Эна сейчас чувствует себя очень странно. Ей больно так, как Безднам, по идее, никогда не бывает. И при этом она счастлива – не умеренно, как рыжая тётка способна почувствовать, а в полную силу, словно находится здесь целиком. И от этого сочетания несовместимых чувств происходит нечто ещё более невозможное – по щеке рыжей тётки течёт солёная, горькая, как морская вода, слеза. Ничего себе! – озадачено думает Эна. – Это я что, получается, плачу? Настоящими человеческими слезами? Так я ещё не развлекалась. Ну и дела.

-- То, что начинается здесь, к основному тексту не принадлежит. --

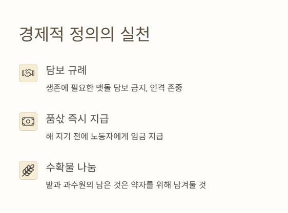 - 가난한 품꾼의 임금을 하루해가 지기 전에 주라는 명령은 노동자의 생계를 위한 시급성을 반영.
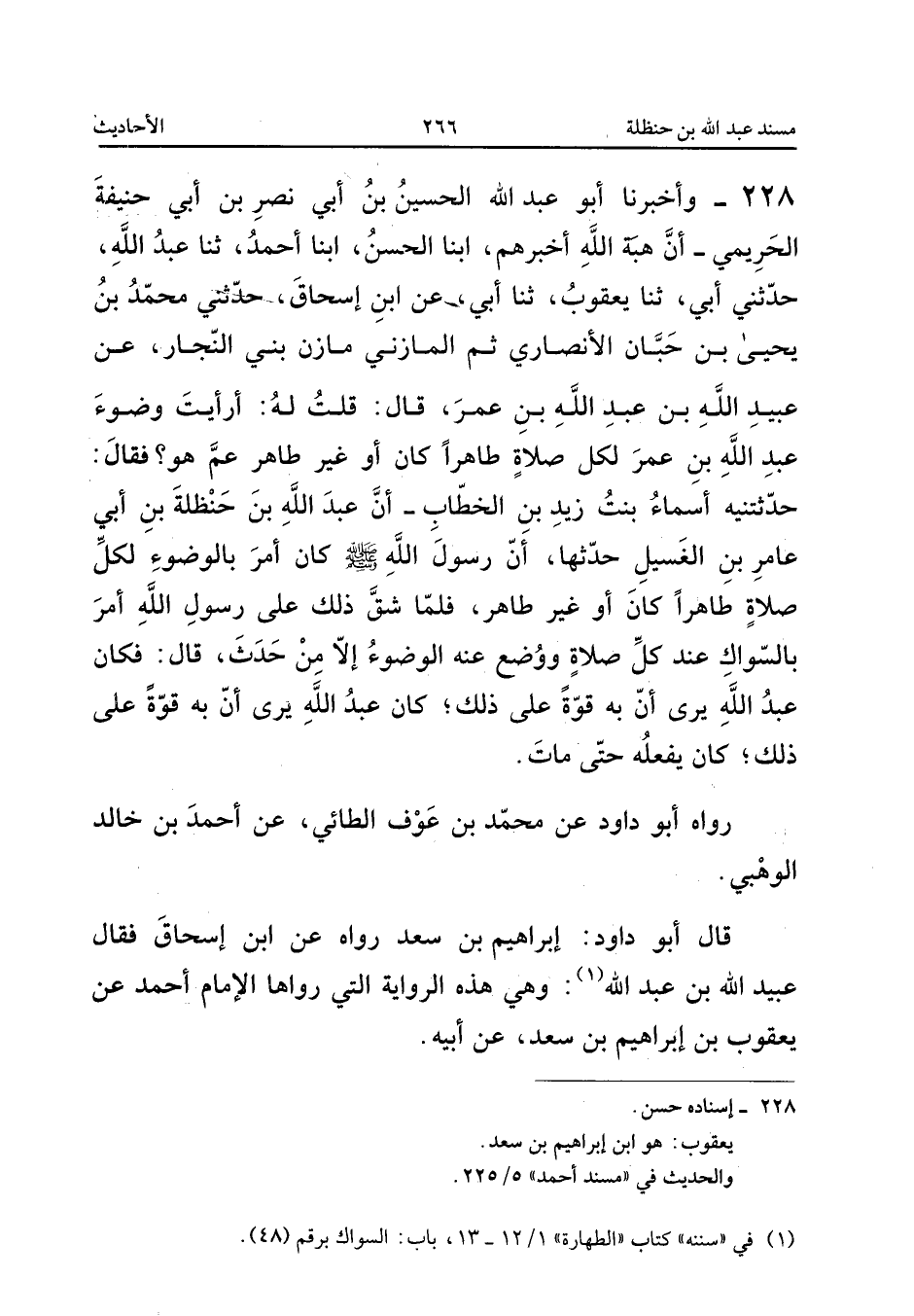 ٢٢٨ - وَأَخْبَرَنَا أَبُو عَبْدِ اللهِ الْحُسَيْنُ بْنُ أَبِي نَصْرِ بْنِ أَبِي حَنِيفَةَ الْحَرِيمِيُّ، أَنَّ هِبَةَ اللهِ أَخْبَرَهُمْ، أَبْنَا الْحَسَنُ، أَبْنَا أَحْمَدُ، ثَنَا عَبْدُ اللهِ، حَدَّثَنِي أَبِي، ثَنَا يَعْقُوبُ، ثَنَا أَبِي، عَنِ ابْنِ إِسْحَاقَ، حَدَّثَنِي مُحَمَّدُ بْنُ يَحْيَى بْنِ حَبَّانَ الْأَنْصَارِيُّ ثُمَّ الْمَازِنِيُّ، مَازِنُ بَنِي النَّجَّارِ، عَنْ عُبَيْدِ اللهِ بْنِ عَبْدِ اللهِ بْنِ عُمَرَ قَالَ: قُلْتُ لَهُ: «أَرَأَيْتَ وُضُوءَ عَبْدِ اللهِ بْنِ عُمَرَ لِكُلِّ صَلَاةٍ طَاهِرًا كَانَ أَوْ غَيْرَ طَاهِرٍ، عَمَّ هُوَ؟ فَقَالَ: حَدَّثَتْنِيهِ أَسْمَاءُ بِنْتُ زَيْدِ بْنِ الْخَطَّابِ: أَنَّ عَبْدَ اللهِ بْنَ حَنْظَلَةَ بْنِ أَبِي عَامِرِ بْنِ الْغَسِيلِ حَدَّثَهَا: أَنَّ رَسُولَ اللهِ صَلَّى اللهُ عَلَيْهِ وَسَلَّمَ كَانَ أُمِرَ بِالْوُضُوءِ لِكُلِّ صَلَاةٍ طَاهِرًا كَانَ أَوْ غَيْرَ طَاهِرٍ، فَلَمَّا شَقَّ ذَلِكَ عَلَى رَسُولِ اللهِ أَمَرَ بِالسِّوَاكِ عِنْدَ كُلِّ صَلَاةٍ وَوُضِعَ عَنْهُ الْوُضُوءُ إِلَّا مِنْ حَدَثٍ، قَالَ: فَكَانَ عَبْدُ اللهِ يَرَى أَنَّ بِهِ قُوَّةً عَلَى ذَلِكَ، كَانَ يَفْعَلُهُ حَتَّى مَاتَ».

С Эной такое и правда случилось впервые за великое множество вечностей, потому что вообще-то Бездны не умеют рыдать. Ну как – «не умеют», им просто не надо, они иначе устроены, у них и чувства другие, и способы их выражать. Последний раз Эна аж в детстве ревела – в настоящем почти человеческом детстве, с небольшими поправками на особенности реальности, в которой она родилась. Короче, когда совсем маленьким глупым принцем была, самым младшим в семье и потому до безобразия избалованным; но это, кстати, вырасти Бездной совершенно не помешало. Скорей помогло.

Надо же, – восхищённо думает Эна. – Вот даёт девчонка! До слёз меня довела. Кто бы сказал, ни за что не поверила бы, будто такое возможно. А она взяла и смогла.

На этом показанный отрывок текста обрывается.